Building advocates are claiming a modest victory after water regulators approved changes to proposed storm water rules that would give developers a more affordable tool to help manage runoff.
The Los Angeles Regional Water Quality Control Board labored late into the evening July 8 to work out changes to rules that will affect how all buildings, public or private, handle storm-water runoff. The rules ask developers to retain nearly all storm water on-site, a requirement builders said would be costly.
Building industry advocates asked the board to allow biofiltration — the practice of filtering storm water through landscaping and soils before letting it hit drains — as an alternative to retaining water on site in huge cisterns.
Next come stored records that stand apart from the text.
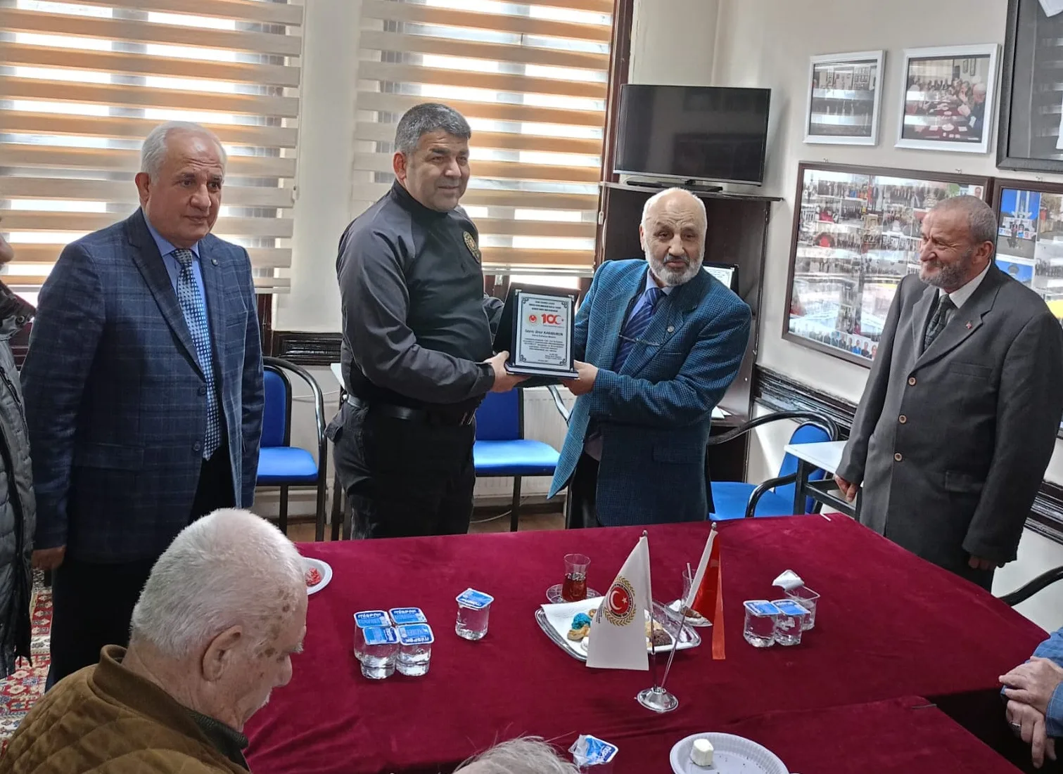 Şube Başkanı Bilgin, ziyaret dolayısıyla il Emniyet Müdürü Karaburun’a plaket takdim etti. Öte yandan Karaburun da, ziyarette Cumhuriyetimizin kuruluşunun 100. yılında dernek merkezinde üç gün süre ile açılan hüsnühat sergisinin açılışında emeği olan dernek üyesi emekli memuru Zafer Günal’a plaket verdi.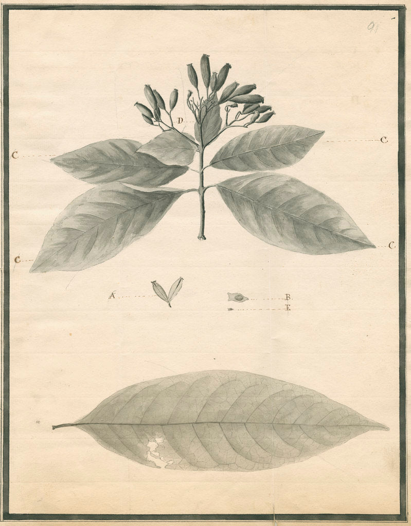 Plate 19 figures B-E from the paper 'An account of a new species of the Bark-tree, found in the Island of St Lucia', by George Davidson, Philosophical Transactions of the Royal Society, vol.74 part 2 (1784), pp.452-456. Botanical studies of parts of a tree from the West Indies used as an anti-malarial treatment. Several details were taken from this original work to form part of the published plate, notably the seed vessels, and details of magnified seeds. However the main works, a sprig from the tree with unopened seed pods and a study of the leaf were not reproduced. A key to the illustration, headed 'Plate IInd' appears in ink verso: 'A. 'Capsula bilocularis...B. Semen alatum magnificutum...C. Folia oblonga. Districha. D. Cyma. E. Seminis magnitude vera.' Not signed.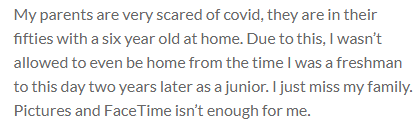 My parents are very scared of covid, they are in their fifties with a six year old at home. Due to this, I wasn’t allowed to even be home from the time I was a freshman to this day two years later as a junior. I just miss my family. Pictures and FaceTime isn’t enough for me.

The board agreed to let builders use biofiltration under some circumstances if the practice removes as many pollutants overall as retaining the water, said Holly Schroeder, executive director of the Building Industry Association for Greater Los Angeles/Ventura.
“We were very encouraged that the board understood that there was no basis for restricting the available best management practices … and that it was necessary to include biofiltration as an option on-site,” Schroeder said.
Before the hearing, environmental advocates had expressed concerns about biofiltration. The water could still contain pollutants, and it could pick up chemicals from other sites as it makes its way to the ocean through drainage systems, they had argued.
“At minimum, you need some sort of performance standard of how that biofilter is working,” Kirsten James, water quality director for Santa Monica’s Heal the Bay, told the Business Times before the hearing. “Our concern with biofiltration is that you don’t get the performance you would using other measures.”
The new storm water permit is more flexible for developers than an earlier version approved by the board last year. State water regulators ordered the board to revisit it after building advocates objected to the way the regulations were drafted and approved.
Water board officials still must work out some of the technical details in the new regulations. The new permit is scheduled to go into effect late this year or early next year.